Will the recent negative trend continue leading up to its next earnings release, or is Huntington Ingalls due for a breakout? Before we dive into how investors and analysts have reacted as of late, let's take a quick look at its most recent earnings report in order to get a better handle on the important catalysts.
Huntington Ingalls Q3 Earnings Top, Revenues Up Y/Y
Huntington Ingalls third-quarter 2018 earnings of $5.29 per share surpassed the Zacks Consensus Estimate of $4.14 by 27.8%. The bottom line also improved 61.8% from $3.27 a year ago, courtesy of solid revenue growth and operating income.
Total revenues came in at $2.08 billion, which outpaced the Zacks Consensus Estimate of $1.92 billion by 8.3%. The top line also rose 11.8% from $1.86 billion registered a year ago. The upside can be attributed to higher sales volume at all the three business divisions of the company.
Newport News Shipbuilding: Revenues totaled $1,179 million, up 12% year over year backed by higher revenues in naval nuclear support services and aircraft carriers. Operating income improved 24% to $119 million owing to result of favorable changes in workers’ compensation expense.
Ingalls Shipbuilding: Revenues at this segment came in at $694 million, up 17% year over year on account of higher revenues in amphibious assault ships and the Legend-class National Security Cutter (NSC) program. Operating income improved 10.8% to $82 million owing to higher volumes.
Technical Solutions: Revenues at this segment summed $245 million, up 1.7% year over year. The upside was driven by higher oil and gas services and mission driven innovative solutions revenues.

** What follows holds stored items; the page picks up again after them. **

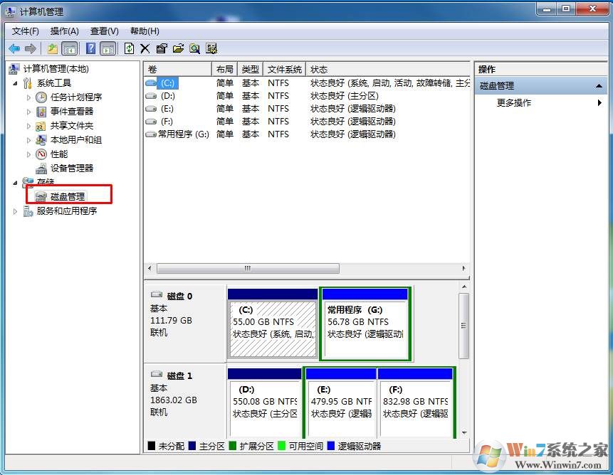 2、打開計(jì)算機(jī)管理之后,點(diǎn)擊【磁盤管理】,如下圖所示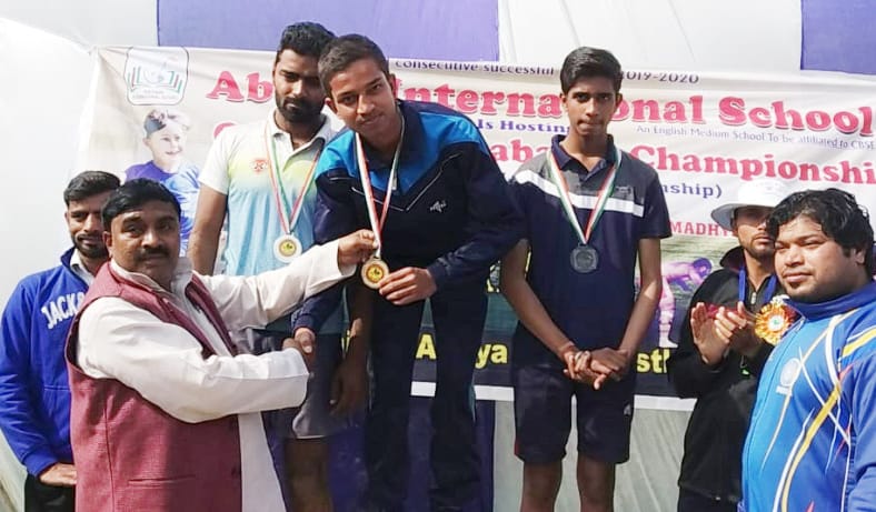गोवर्धन। युवा भारत स्पोर्ट खेल संघ के द्वारा संभल के चंदौसी तहसील के अंतर्गत अवताभ इंटर नेशनल स्कूल में प्रदेशी स्तरीय खेलकूद प्रतियोगिता में एथलीट में ग्राम गांठौली के प्रशांत उपाध्याय लंबी कूद में 6.83 मीटर में गोल्ड मैडल प्राप्त किया। इस प्रतियोगिता में दूसरे नंबर सोंनू हरियाणा रहे। अतिथियों में अपर पुलिस अधीक्षक अनुज कुमार व चंदौसी के चेयरमैन चै. वसीर ने खिलाड़ियों को सम्मानित किया। प्रतियोगिता में देश के कोने-कोने से पहुंचे खिलाड़ियों ने प्रतिभाग किया। खिलाड़ी प्रशांत उपाध्याय ने बताया कि अलग-अलग वर्गों में हुई प्रतियोगिता में देश के कई प्रांतों से आये खिलाड़ियों ने भाग लिया। उन्होने उम्र 17 के अंतर्गत दर्जनों खिलाड़ियों को पीछे कर प्रतियोगिता जीती है। मथुरा की ओर से प्रशांत ने प्रतिनिधित्व किया। इस अवसर पर आयोजक संघ के अध्यक्ष आशू सिंह, उत्तर प्रदेश एथलेटिक टीम कोच अर्जुन कोली, अलीगढ़ मुस्लिम यूनिवर्सटी के खेल कोच उम्मेद अली खां, प्रबंधक मोहम्मद फारूक, खिलाड़ियों में राजकुमार सिंह, अंकित, अखिल गुप्ता आदि थे।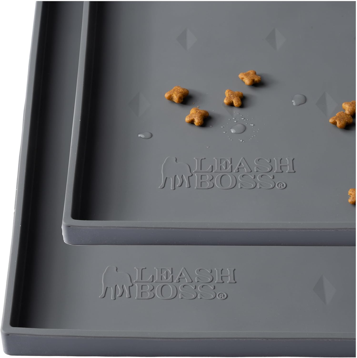 Leash Boss 2 Pack Dog Food Mats for Food and Water Bowls, Thick Waterproof Silicone Pet Feeding Mat for Floors, Extra Tall Raised Edges, Cat and Dog Placemat for Floors, Dishwasher Safe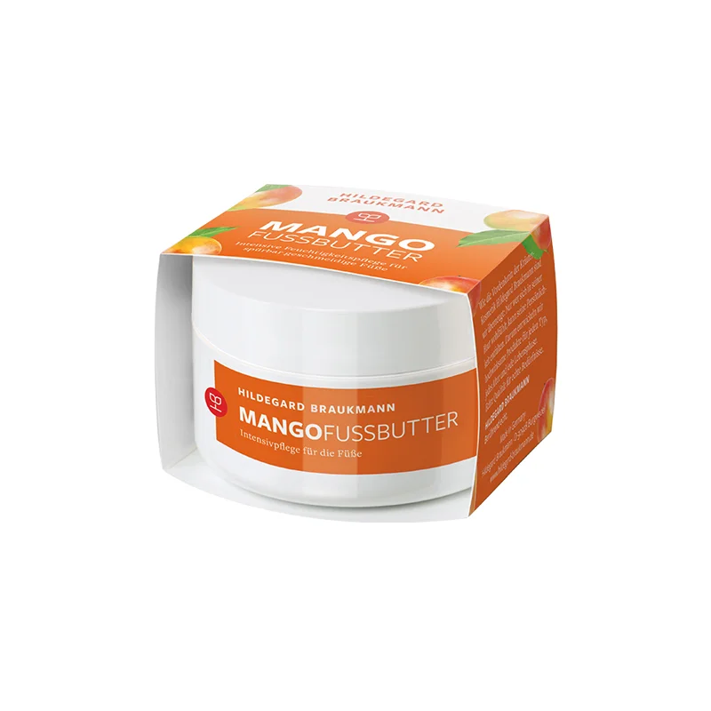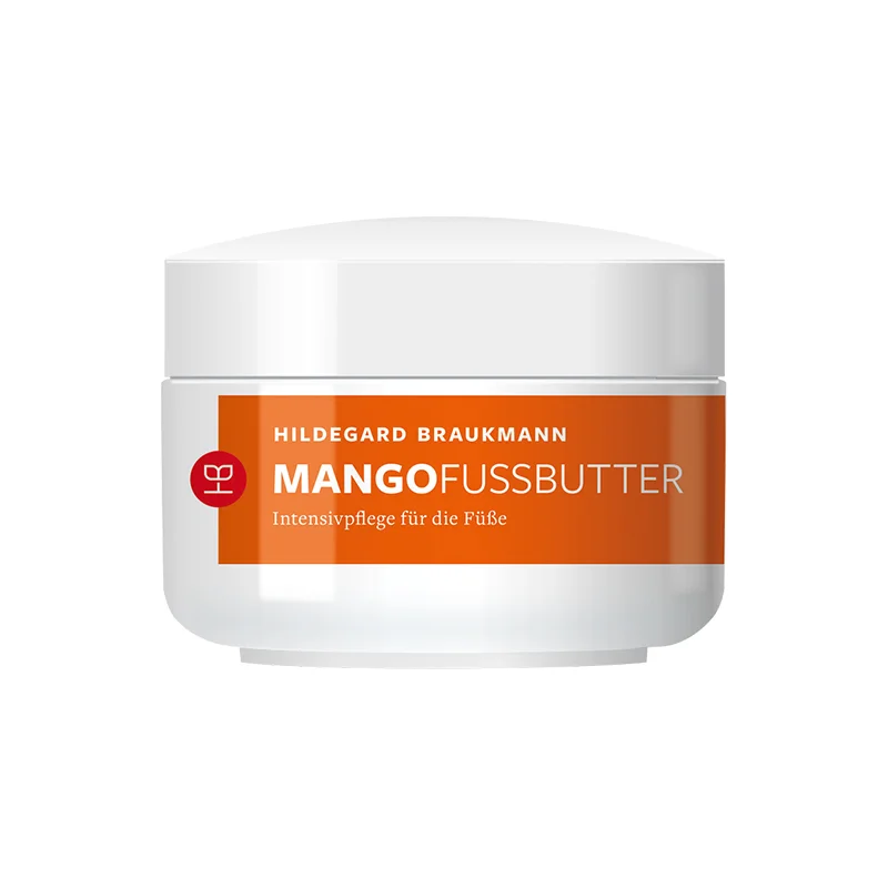 Sind Ihre Füße oft trocken und zeigen Rötungen? Dann pflegen Sie sie doch mit der limitierten Mango Fussbutter von Hildegard Braukmann. Sie macht Ihre rissigen und trockenen Füße wieder geschmeidig-zart.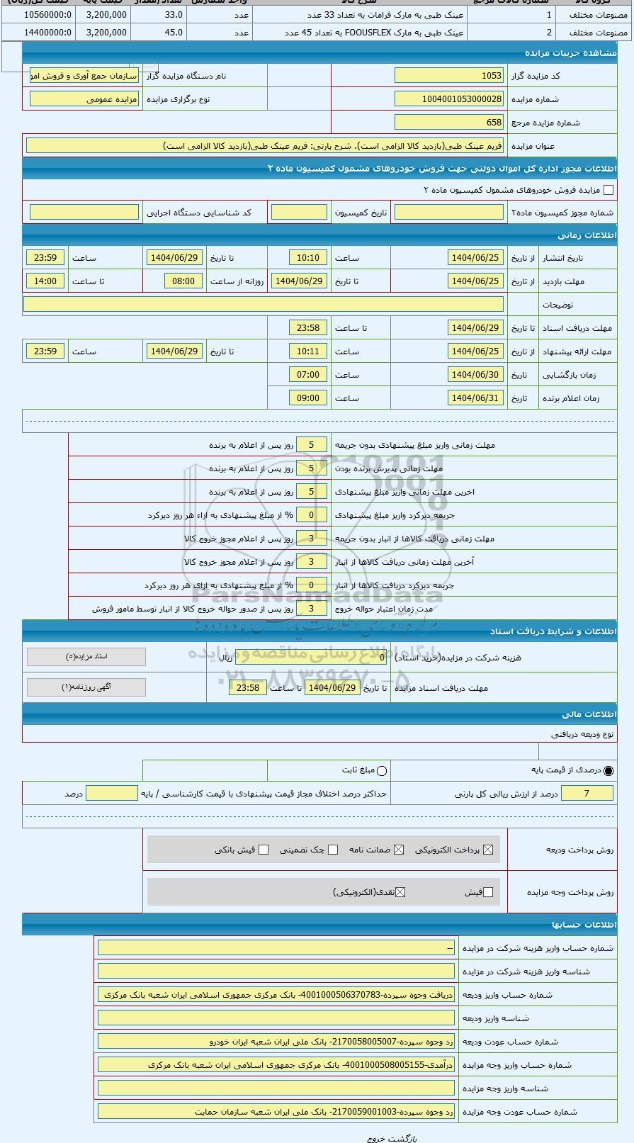 | کد مزایده گزار | 1053 | نام دستگاه مزایده گزار | سازمان جمع آوری و فروش اموال تملیکی | |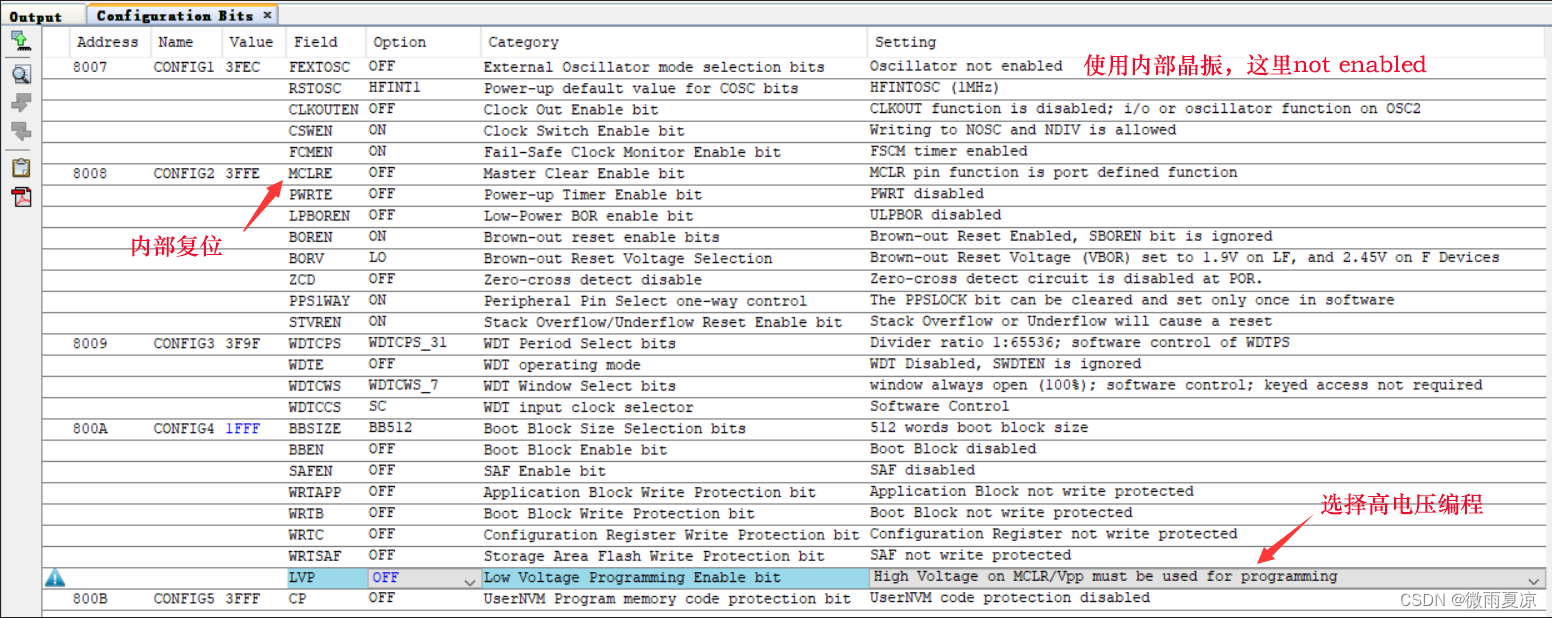 根据项目实际要求,选择合式的MCU配置位,特别要注意红色字体对应的部分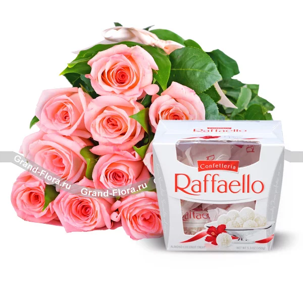 11 розовых роз + конфеты "Raffaello"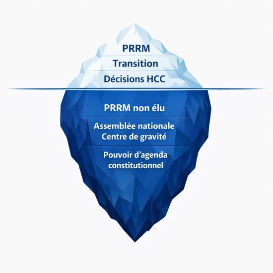 C’est dans ce contexte que le PRRM a été installé à l’issue d’un processus juridiquement validé mais politiquement contraint. Point décisif : le PRRM n’a pas été élu par le peuple. Il ne tire pas sa légitimité d’un suffrage direct, mais d’un mécanisme de continuité activé par la HCC. Cette origine borne son périmètre : assurer la continuité de l’État, sans pouvoir refondre en profondeur l’architecture institutionnelle pendant la période transitoire.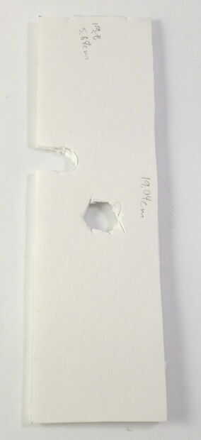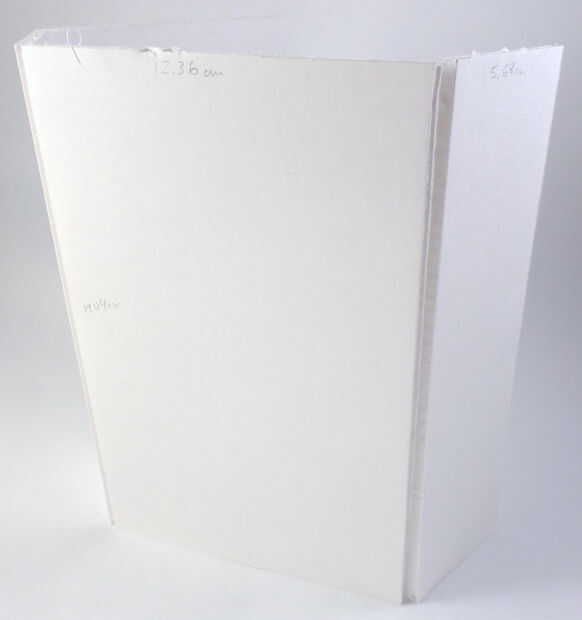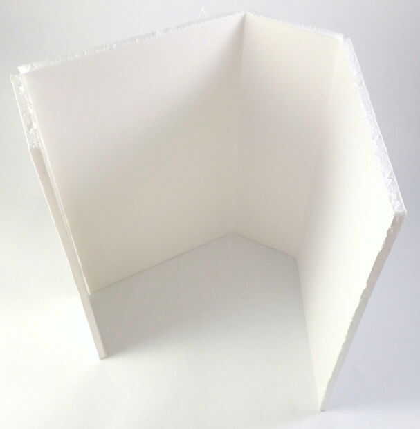 Corte un pedazo de tablero de la espuma 36,08 cm de largo y 19,04 cm de altura. Use un lápiz para marcar las líneas verticales que dividen la pieza altura cm 19,04 en cuatro segmentos que tienen las siguientes longitudes, en este orden: 12,36 cm 5,68 cm, 12,36 cm y luego 5,68 cm. Ver las fotos para más detalles. Utilizar el cuchillo para cortar a través de una sola capa del tablero de la espuma en la línea marcada a lápiz y luego doblarlas hacia atrás. Debe formar un marco rectangular alto, flaco, como se muestra en las fotos. (No se cerró en un marco rectangular de la cinta).

Operating income totaled $16 million compared with $22 million in the year-ago quarter.
Huntington Ingalls received new orders worth $2.8 billion in third quarter. As a result, the company’s total backlog reached $22 billion as of Sep 30, 2018.
Cash and cash equivalents as of Sep 30, 2018, were $68 million, significantly down from $701 million as of Dec 31, 2017.
Long-term debt, as of Sep 30, 2018, was $1,282 million compared with the 2017-end level of $1,279 million.
Cash from operating activities, at the end of third-quarter 2018, grossed $266 million compared with $380 million at the end of 2017’s third quarter.
How Have Estimates Been Moving Since Then?
Fresh estimates followed an upward path over the past two months.
Currently, Huntington Ingalls has a poor Growth Score of F, however its Momentum Score is doing a lot better with an A. Charting a somewhat similar path, the stock was allocated a grade of B on the value side, putting it in the top 40% for this investment strategy.
Overall, the stock has an aggregate VGM Score of C. If you aren't focused on one strategy, this score is the one you should be interested in.
Huntington Ingalls has a Zacks Rank #3 (Hold). We expect an in-line return from the stock in the next few months.